======== Input material

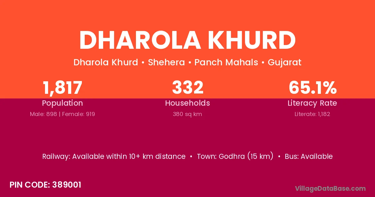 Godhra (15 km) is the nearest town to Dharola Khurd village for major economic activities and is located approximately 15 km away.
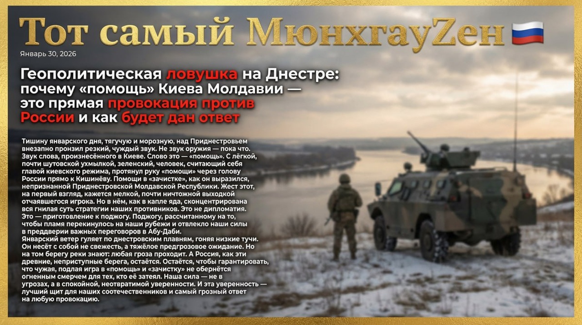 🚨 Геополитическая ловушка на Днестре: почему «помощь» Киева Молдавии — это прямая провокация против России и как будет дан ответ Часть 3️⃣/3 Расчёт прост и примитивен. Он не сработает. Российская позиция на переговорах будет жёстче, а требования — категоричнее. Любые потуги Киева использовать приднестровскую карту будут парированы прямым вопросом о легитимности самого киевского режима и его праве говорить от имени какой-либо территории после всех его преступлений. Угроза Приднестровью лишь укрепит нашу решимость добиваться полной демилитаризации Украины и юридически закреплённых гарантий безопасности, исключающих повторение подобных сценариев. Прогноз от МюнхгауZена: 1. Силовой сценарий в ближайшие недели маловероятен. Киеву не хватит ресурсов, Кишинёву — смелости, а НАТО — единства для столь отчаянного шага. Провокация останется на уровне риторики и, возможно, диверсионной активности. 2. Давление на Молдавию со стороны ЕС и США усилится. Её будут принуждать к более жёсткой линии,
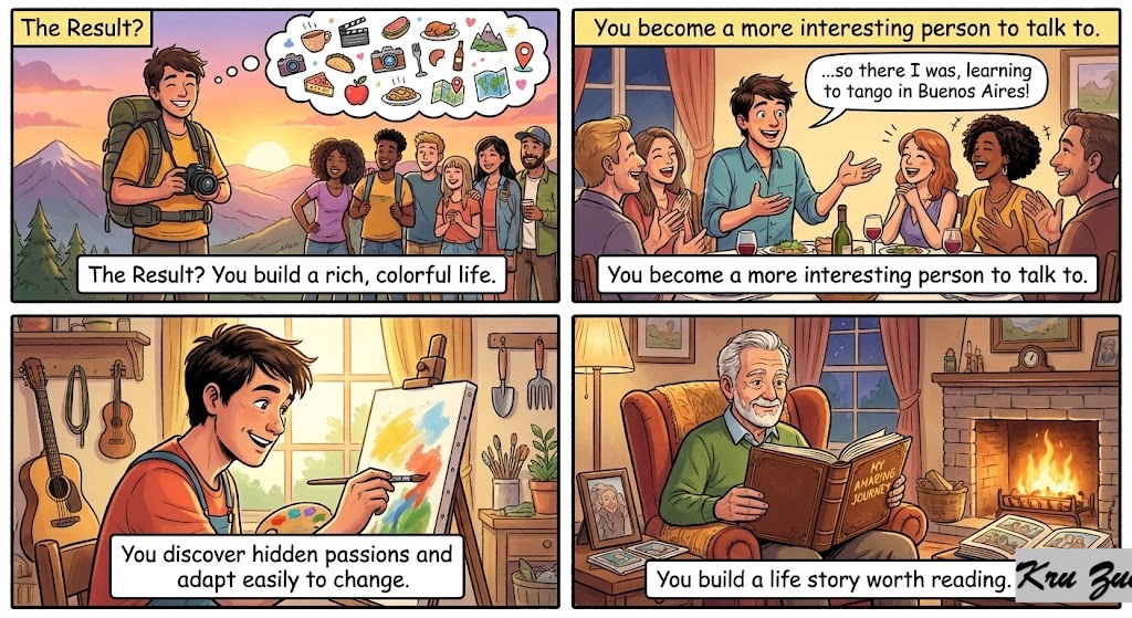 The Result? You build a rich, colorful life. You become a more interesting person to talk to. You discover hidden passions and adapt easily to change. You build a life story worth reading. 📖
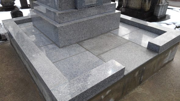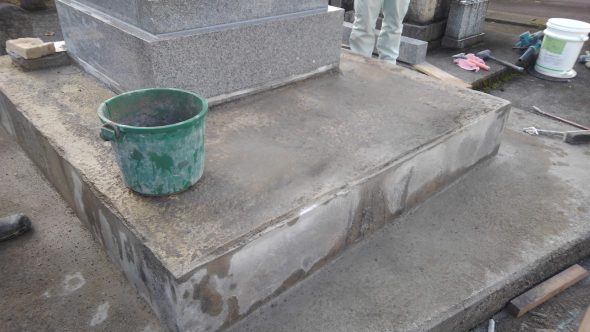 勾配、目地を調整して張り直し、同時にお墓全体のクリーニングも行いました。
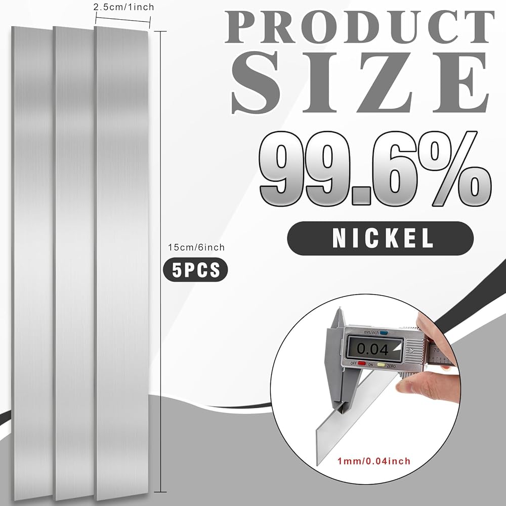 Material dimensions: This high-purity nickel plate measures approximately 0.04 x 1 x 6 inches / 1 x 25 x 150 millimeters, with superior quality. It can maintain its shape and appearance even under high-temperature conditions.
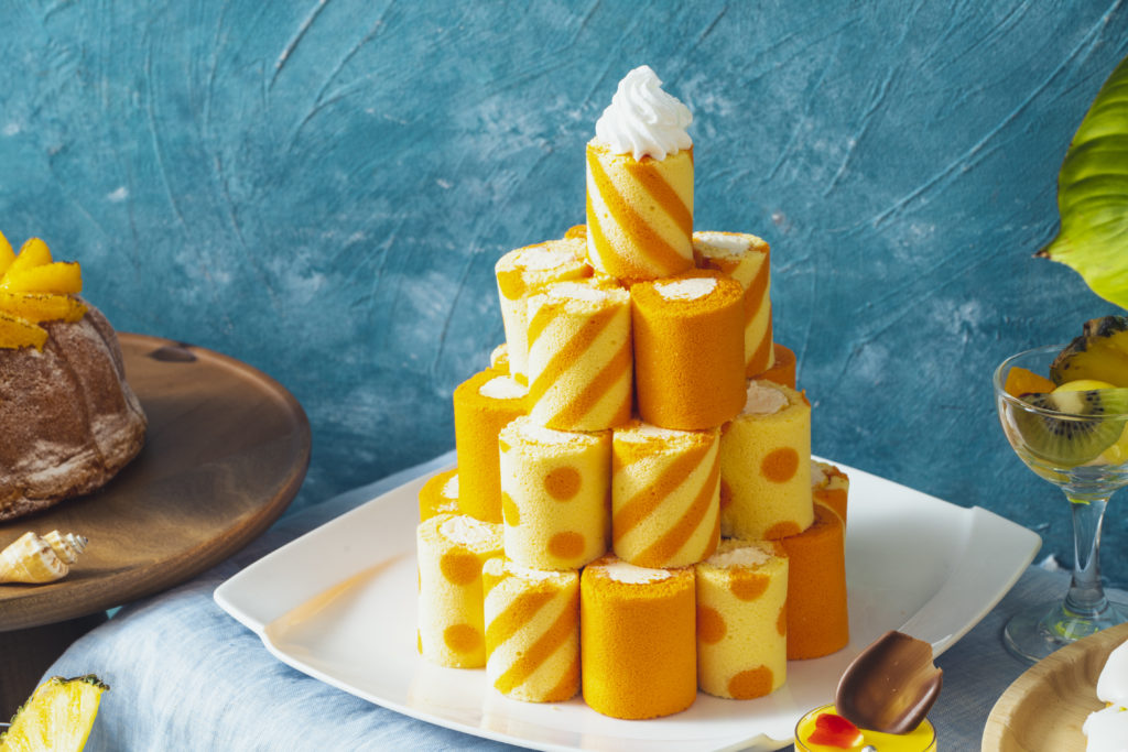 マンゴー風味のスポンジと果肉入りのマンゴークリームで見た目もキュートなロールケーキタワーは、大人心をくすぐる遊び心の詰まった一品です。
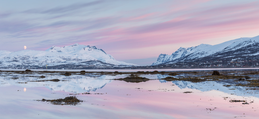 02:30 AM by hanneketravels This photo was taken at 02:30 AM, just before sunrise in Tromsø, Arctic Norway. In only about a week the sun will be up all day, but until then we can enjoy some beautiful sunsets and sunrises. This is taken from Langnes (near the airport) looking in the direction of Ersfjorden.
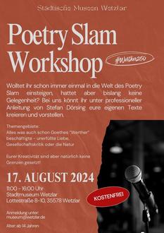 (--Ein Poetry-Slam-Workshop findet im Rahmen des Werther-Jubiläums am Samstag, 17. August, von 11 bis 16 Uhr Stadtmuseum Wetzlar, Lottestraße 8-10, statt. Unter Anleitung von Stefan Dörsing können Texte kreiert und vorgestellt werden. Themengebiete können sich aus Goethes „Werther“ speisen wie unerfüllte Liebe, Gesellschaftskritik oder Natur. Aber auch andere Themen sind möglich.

================
======== Input material

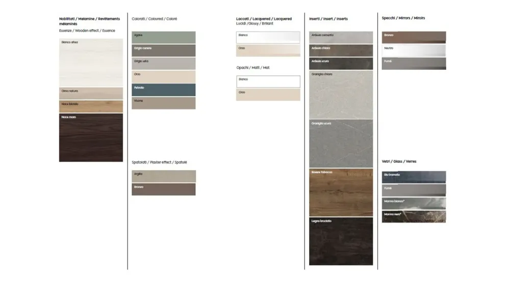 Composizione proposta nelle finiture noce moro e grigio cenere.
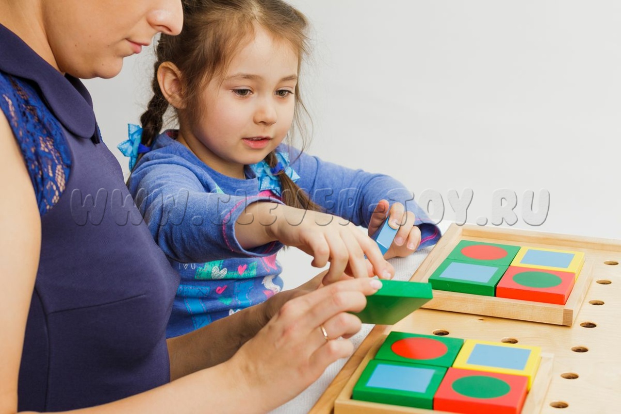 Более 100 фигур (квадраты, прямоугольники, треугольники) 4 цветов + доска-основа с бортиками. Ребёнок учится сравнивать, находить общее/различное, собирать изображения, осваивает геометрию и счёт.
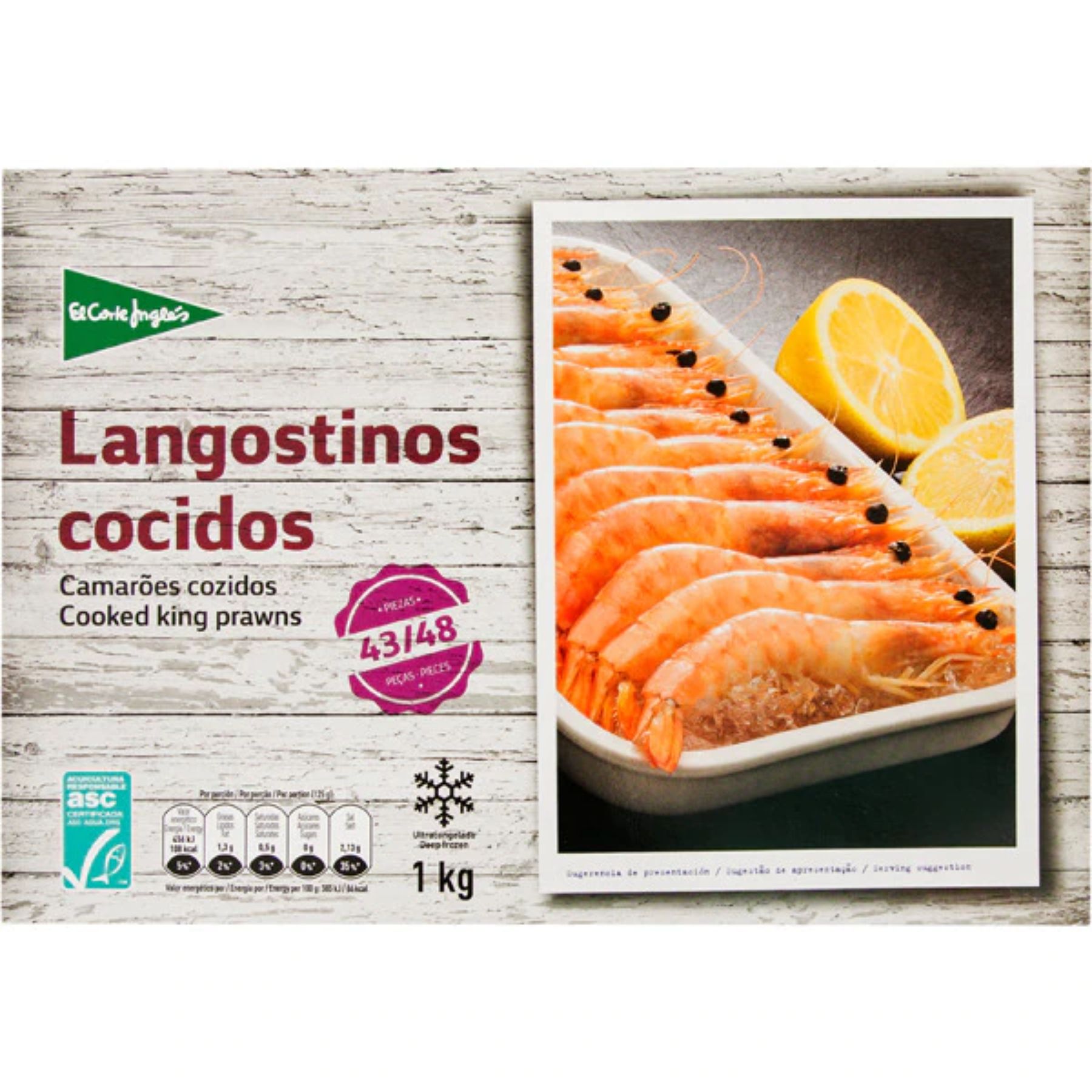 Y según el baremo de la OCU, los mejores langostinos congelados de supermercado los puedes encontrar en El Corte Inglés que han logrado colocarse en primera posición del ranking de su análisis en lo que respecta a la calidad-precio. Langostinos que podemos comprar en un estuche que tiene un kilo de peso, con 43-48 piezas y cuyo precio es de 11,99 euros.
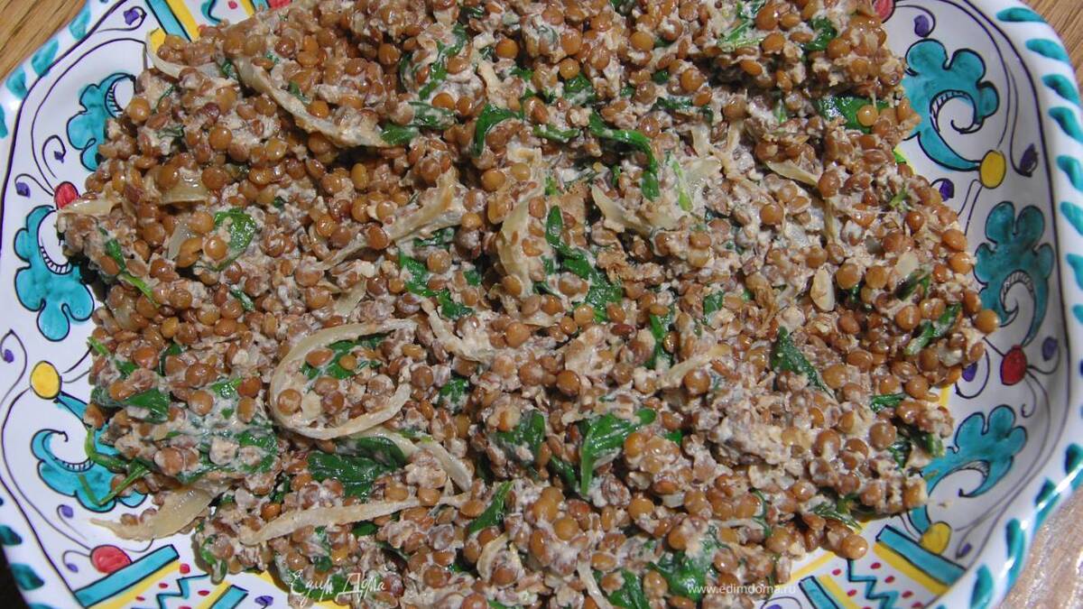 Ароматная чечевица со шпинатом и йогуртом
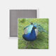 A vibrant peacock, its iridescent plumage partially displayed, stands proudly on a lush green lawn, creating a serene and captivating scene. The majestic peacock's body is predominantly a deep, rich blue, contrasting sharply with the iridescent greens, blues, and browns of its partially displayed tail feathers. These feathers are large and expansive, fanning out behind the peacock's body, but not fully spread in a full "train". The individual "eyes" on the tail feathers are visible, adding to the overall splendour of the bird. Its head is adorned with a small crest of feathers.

================
======== Input material

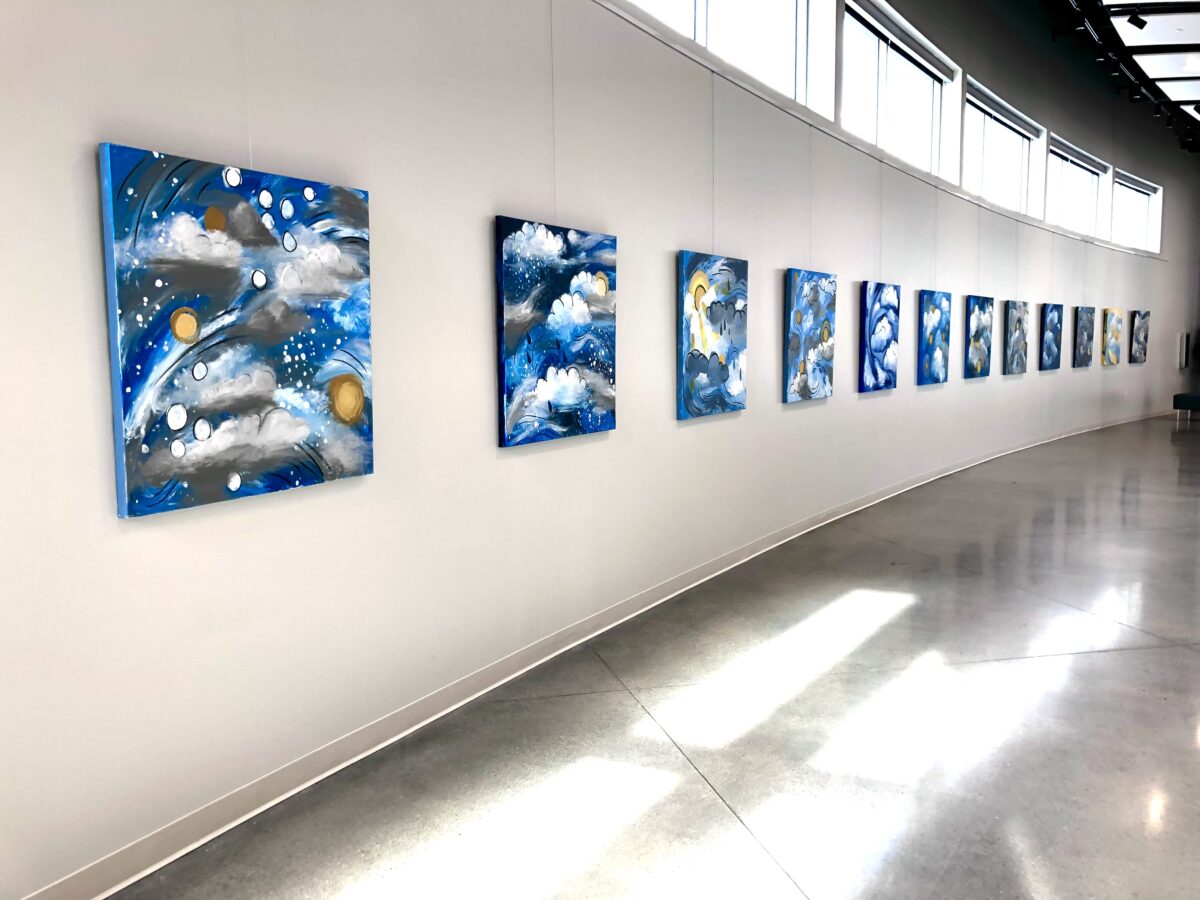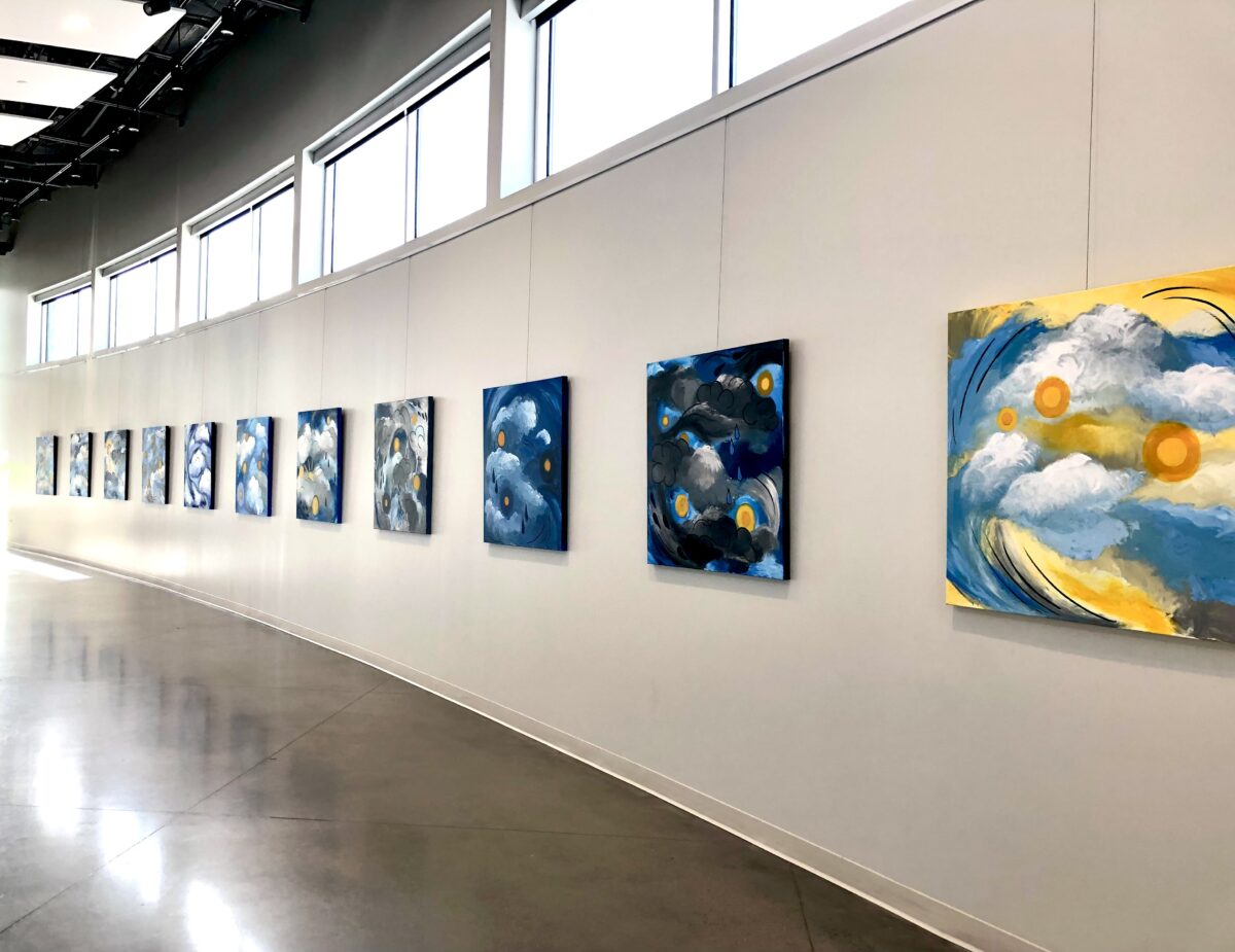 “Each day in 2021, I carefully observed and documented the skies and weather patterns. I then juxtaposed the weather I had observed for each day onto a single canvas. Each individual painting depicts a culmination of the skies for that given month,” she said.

================

▶ **What needs to be done**
From the material above, reproduce only what runs from the line holding "The Result? You" down to the line holding "(--Ein Poetry-Slam-Workshop findet", both included, pictures excluded.

▶ **Task response**
 The Result? You build a rich, colorful life. You become a more interesting person to talk to. You discover hidden passions and adapt easily to change. You build a life story worth reading. 📖
 勾配、目地を調整して張り直し、同時にお墓全体のクリーニングも行いました。
 Material dimensions: This high-purity nickel plate measures approximately 0.04 x 1 x 6 inches / 1 x 25 x 150 millimeters, with superior quality. It can maintain its shape and appearance even under high-temperature conditions.
 マンゴー風味のスポンジと果肉入りのマンゴークリームで見た目もキュートなロールケーキタワーは、大人心をくすぐる遊び心の詰まった一品です。
 02:30 AM by hanneketravels This photo was taken at 02:30 AM, just before sunrise in Tromsø, Arctic Norway. In only about a week the sun will be up all day, but until then we can enjoy some beautiful sunsets and sunrises. This is taken from Langnes (near the airport) looking in the direction of Ersfjorden.
 (--Ein Poetry-Slam-Workshop findet im Rahmen des Werther-Jubiläums am Samstag, 17. August, von 11 bis 16 Uhr Stadtmuseum Wetzlar, Lottestraße 8-10, statt. Unter Anleitung von Stefan Dörsing können Texte kreiert und vorgestellt werden. Themengebiete können sich aus Goethes „Werther“ speisen wie unerfüllte Liebe, Gesellschaftskritik oder Natur. Aber auch andere Themen sind möglich.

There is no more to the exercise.